__Dataset extract__.
★ ★ ★ ★ ★ ★ ★
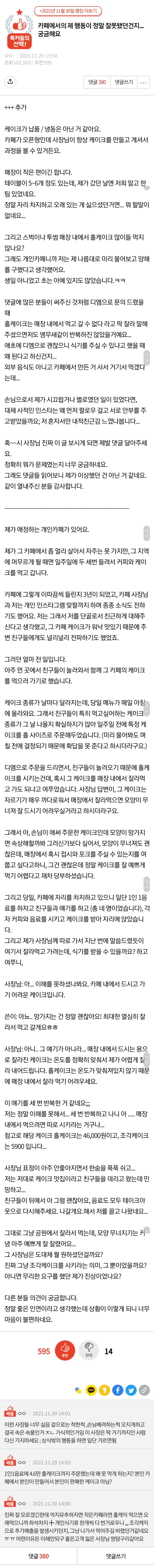 | Subject | [pann] 카페에서의 제 행동이 잘못됐던건지…궁금해요 |
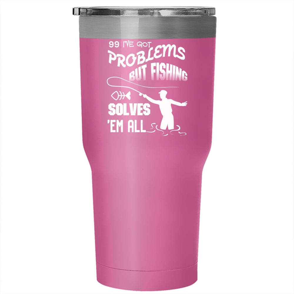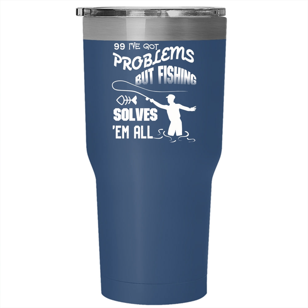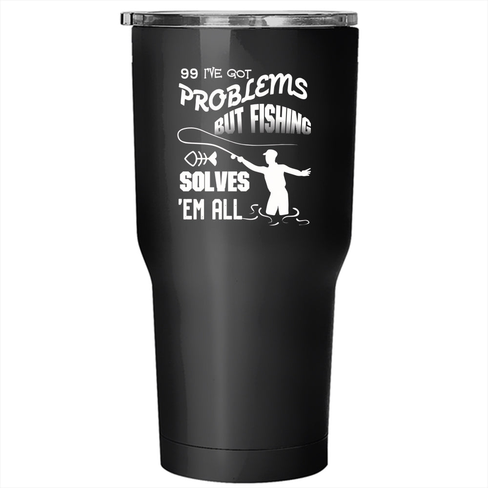 99 I've Got Problems Tumbler 30 oz Stainless Steel, Fishing Solves 'Em All Travel Mug
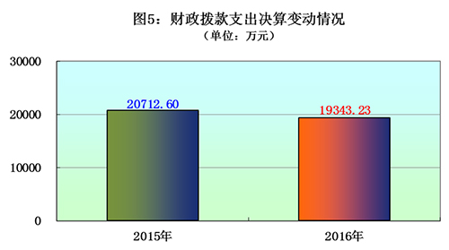 中國作協2016 年度財政撥款支出19343.23萬元, 占本年支出合計的75.45%。與 2015 年相比,財政撥款支出減少1369.37萬元,下降6.61%。
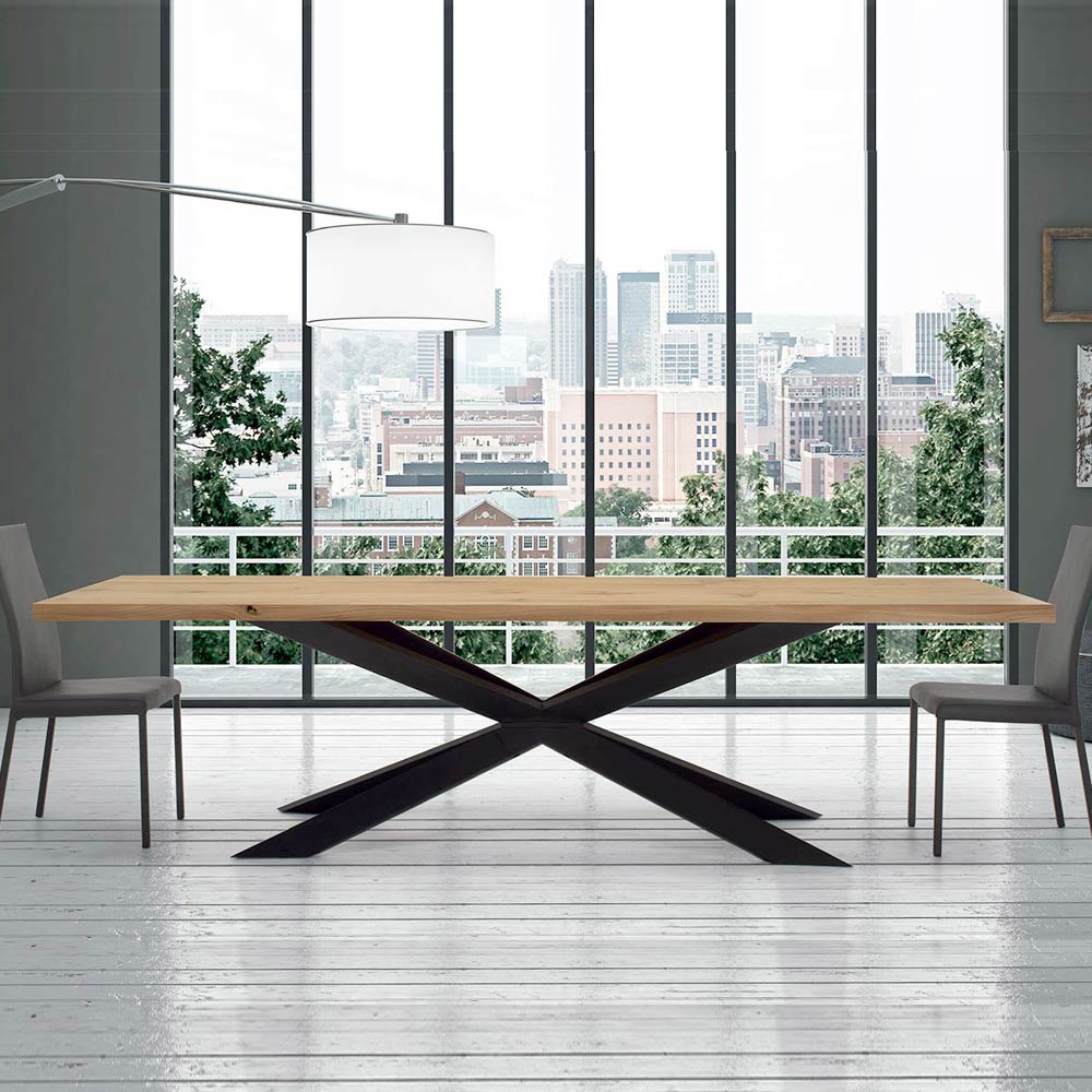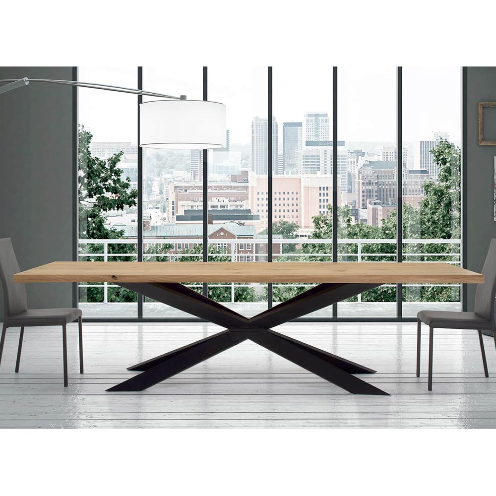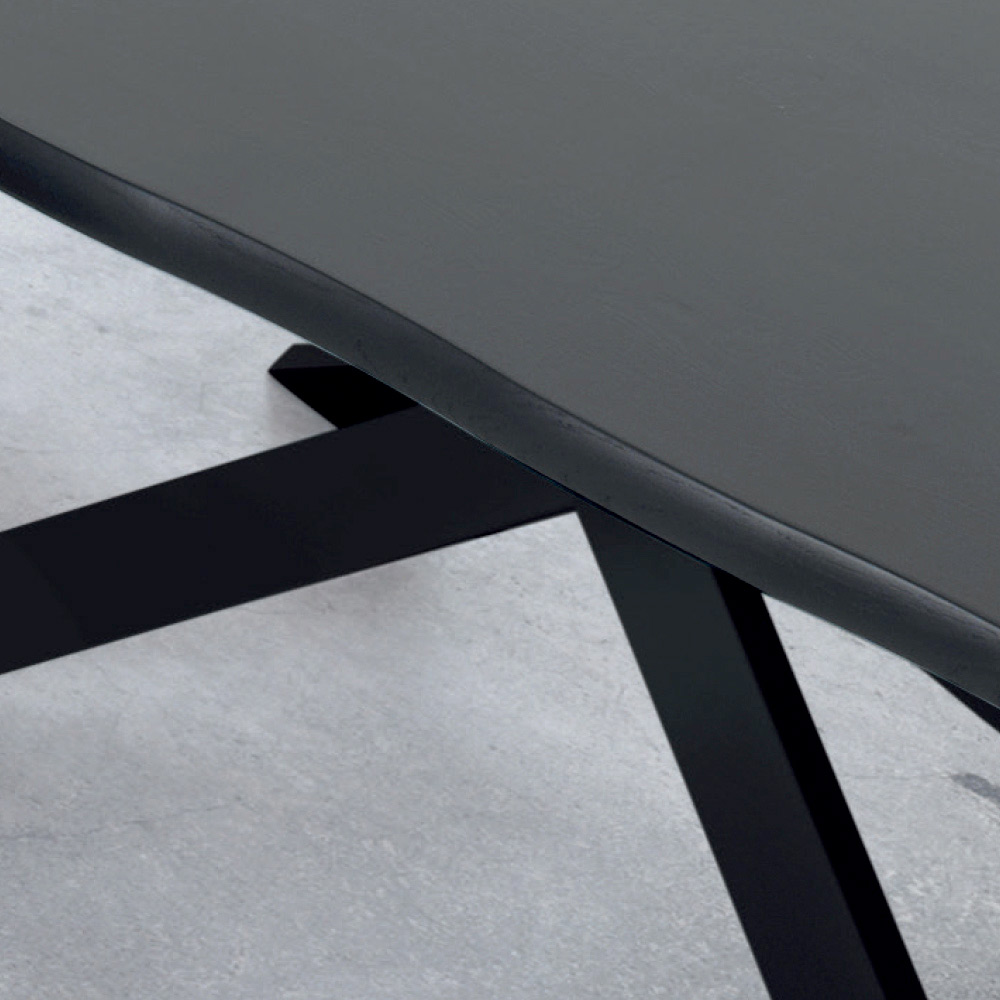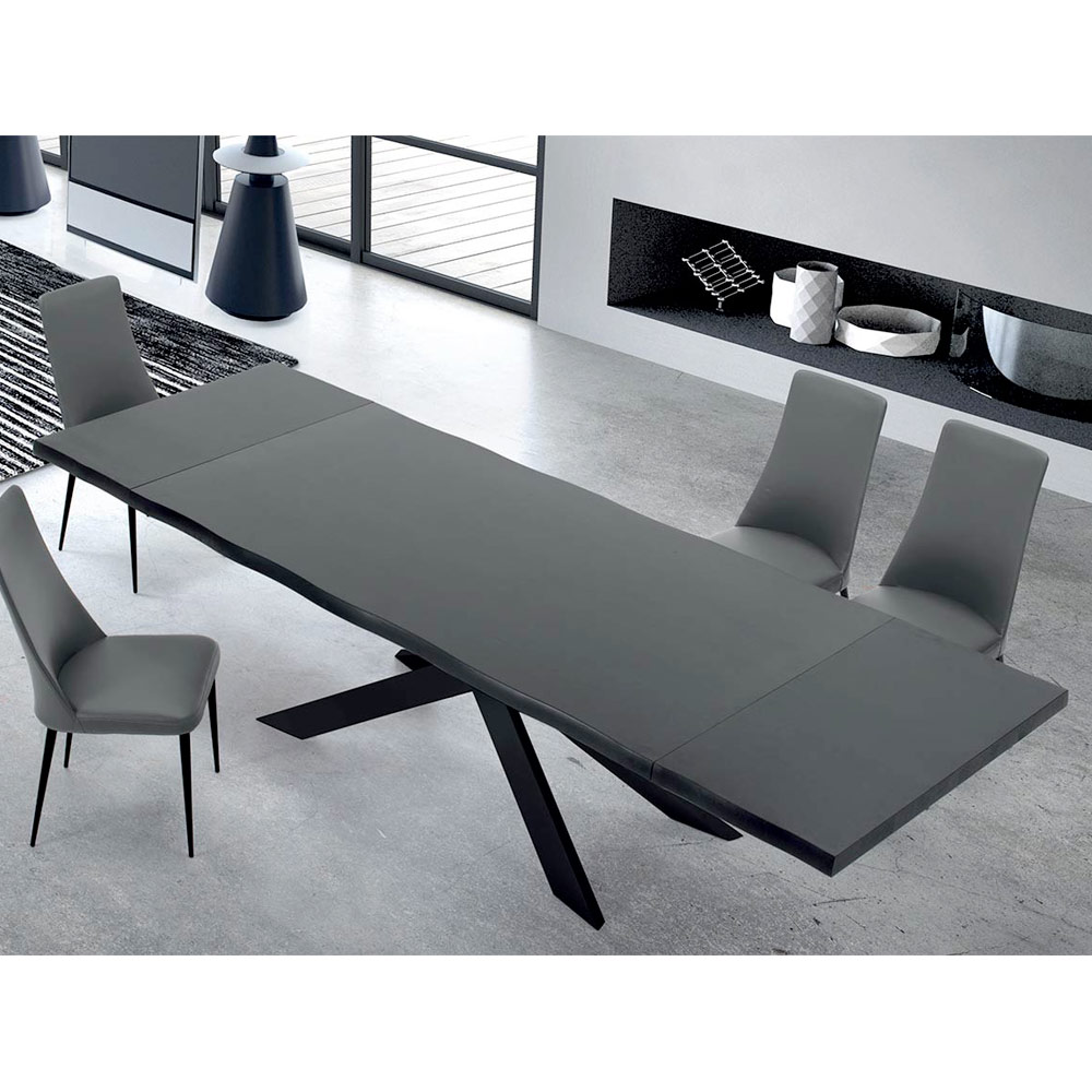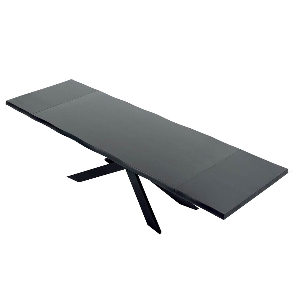 طاولة طعام قابلة للتمديد حتى 300 سم من الخشب المقشر وقاعدة فولاذية سوداء، صنع في إيطاليا.
★ ★ ★ ★ ★ ★ ★
__Problem description__.
Please give back every line above exactly as it stands, without pictures.

__Answer box__.
 | Subject | [pann] 카페에서의 제 행동이 잘못됐던건지…궁금해요 |
 99 I've Got Problems Tumbler 30 oz Stainless Steel, Fishing Solves 'Em All Travel Mug
 中國作協2016 年度財政撥款支出19343.23萬元, 占本年支出合計的75.45%。與 2015 年相比,財政撥款支出減少1369.37萬元,下降6.61%。
 طاولة طعام قابلة للتمديد حتى 300 سم من الخشب المقشر وقاعدة فولاذية سوداء، صنع في إيطاليا.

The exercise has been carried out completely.